I have a question that may not have a great answer, but I'll try anyways.

I recently finished some clear soft wood replacement windows for a client. I sanded them down to perfection, stained with gel stain, and poly'd. They look fantastic. 

Unfortunately, clear pine trim was installed around the windows before I got to prefinish it. Colonial moulding, sills, etc, which would be a bear to properly sand down considering all the corners, 90 degree spots, etc. Doable, but if I can avoid it I will.

I'm wondering if there are any products out there that could get me close to the look of the windows without all of the sanding. I know there's Polyshades, but I'm not a fan of that stuff. Is it even possible to get a decent look on stain grade trim without taking off the factory glaze?

Thanks!

Noah


----------



## finishesbykevyn (Apr 14, 2010)

nkpaintingvt said:


> I have a question that may not have a great answer, but I'll try anyways.
> 
> 
> 
> ...


I'm confused. Is this just bare wood? I wouldn't think you have to sand it very heavy. Just stain and clear coat. ?Maybe I'm not understanding question,..

Sent from my SM-T330NU using Tapatalk


----------



## Redux (Oct 27, 2018)

I’m assuming you’re referring to mill glaze/burnishing from molder knives...try water popping. It should raise/open the grain allowing for better and more even absorption. Try a sample on a scrap trim piece first.


----------



## nkpaintingvt (Dec 1, 2015)

In my experience, there's a big difference between staining well sanded wood and staining wood with the factory sheen still intact. Stain can penetrate more evenly and splotching is generally reduced. 

Going right over the mill glaze hasn't looked good when I've done it in the past, but I'm curious if there's a method that works for others.


----------



## Redux (Oct 27, 2018)

A tip when water popping:
Always work from bottom to top, avoiding drips/puddles on horizontal surfaces. You can give it a quick wipe with a terry/microfiber towel after brushing it on. You don’t want water to pool or accumulate at endgrains.


----------



## finishesbykevyn (Apr 14, 2010)

nkpaintingvt said:


> In my experience, there's a big difference between staining well sanded wood and staining wood with the factory sheen still intact.
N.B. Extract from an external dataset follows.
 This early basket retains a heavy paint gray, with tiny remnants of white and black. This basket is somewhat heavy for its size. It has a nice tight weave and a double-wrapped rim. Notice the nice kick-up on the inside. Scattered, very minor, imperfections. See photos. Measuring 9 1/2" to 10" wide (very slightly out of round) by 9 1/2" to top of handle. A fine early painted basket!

Stain can penetrate more evenly and splotching is generally reduced.
> 
> 
> 
> Going right over the mill glaze hasn't looked good when I've done it in the past, but I'm curious if there's a method that works for others.


Ok. Got ya. Well atleast if you didn't sand all of them, it would be consistently blotchy..?lol

Sent from my SM-T330NU using Tapatalk


----------



## nkpaintingvt (Dec 1, 2015)

Alchemy Redux said:


> A tip when water popping:
> Always work from bottom to top, avoiding drips/puddles on horizontal surfaces. You can give it a quick wipe with a terry/microfiber towel after brushing it on. You don’t want water to pool or accumulate at endgrains.
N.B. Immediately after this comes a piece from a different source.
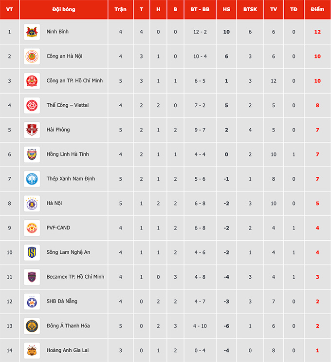 | TT | Đội bóng | Trận | +/- | Điểm |

I'll give that a try on scrap - that would be a dream if it worked well enough. Thanks!


----------



## Tprice2193 (Oct 3, 2017)

I have used gray 3M scuff pads and a little mineral spirits to prep pine prior to oil staining. Works good in the detail. Dont over work it or it will fuzz up to much. I have never water popped white pine but that might work like Alchemy suggested. I don't like Polyshades. Sealcoat shellac sanding sealer will control the blotching better on pine than anything I have used.


----------